His work is reproduced on news site Rubaltic.ru, which "operates as an aggressive Baltic irritant and a producer of biased content to influence and misinform the less educated Russian-speaking residents of the Baltic states,” according to Andis Kudors, a director of Latvia-based Center for East European Policy Studies.
Who is polluting the Baltic internet in Russian? Read our latest piece "Small time propagandists" on #FakeNews. RT! https://t.co/cjIP7qO90D pic.twitter.com/jU17WAGZ6z
— Re:Baltica (@rebaltica) April 18, 2017
"Rubaltic.ru is another cog in the Kremlin’s Baltic disinformation machine, a series of little known websites sitting on the outskirts of the public debate pumping out negative stories or outright falsehoods on events in the Baltic states," says Re:Baltica.

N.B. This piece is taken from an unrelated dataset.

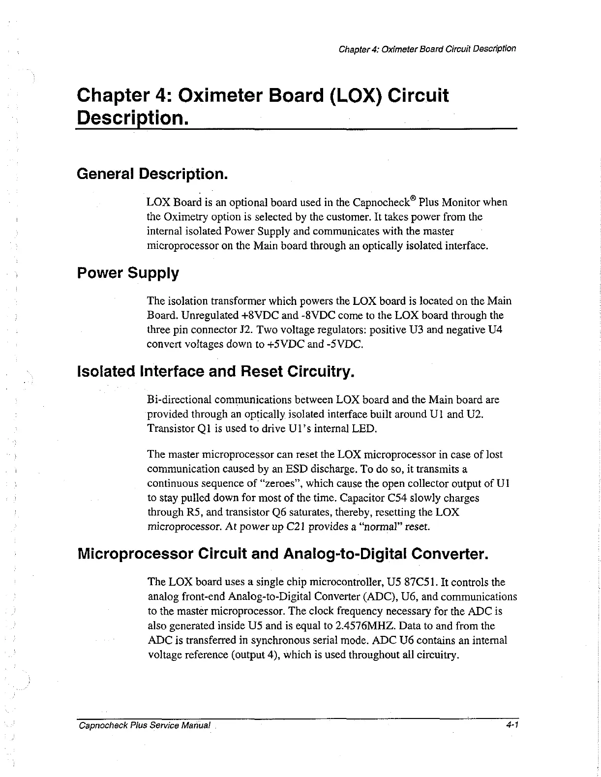 BCI Capnocheck Plus - Oximeter Board (LOX) Circuitry; LOX Board Overview and Power; Interface and Reset Circuitry; Microprocessor and ADC Circuitry

"The stories are spread via social media and republished on marginal Russian websites and later picked up by some Baltic media. Readers looking for news in Russian on the Baltic states have to wade through a swamp of misinformation and manufactured news funded by this Kremlin-friendly network."
Rubaltic.ru resembles a news portal yet operates under the auspices of the Immanuel Kant Baltic Federal University in Kaliningrad, Russia, Re:Baltica reveals.
Re:Baltica then delves into the previous professional records of contributors to Rubaltic.ru and its interesting means of financing via money given for the organization of summer camps.
Among those acting as an "instructor" at the summer camps is Latvian MEP and former journalist Andrejs Mamikins, who was recently recorded shaking the hand of Syrian dictator Bashar al-Assad and visiting a Russian airbase in Syria, as reported by LSM.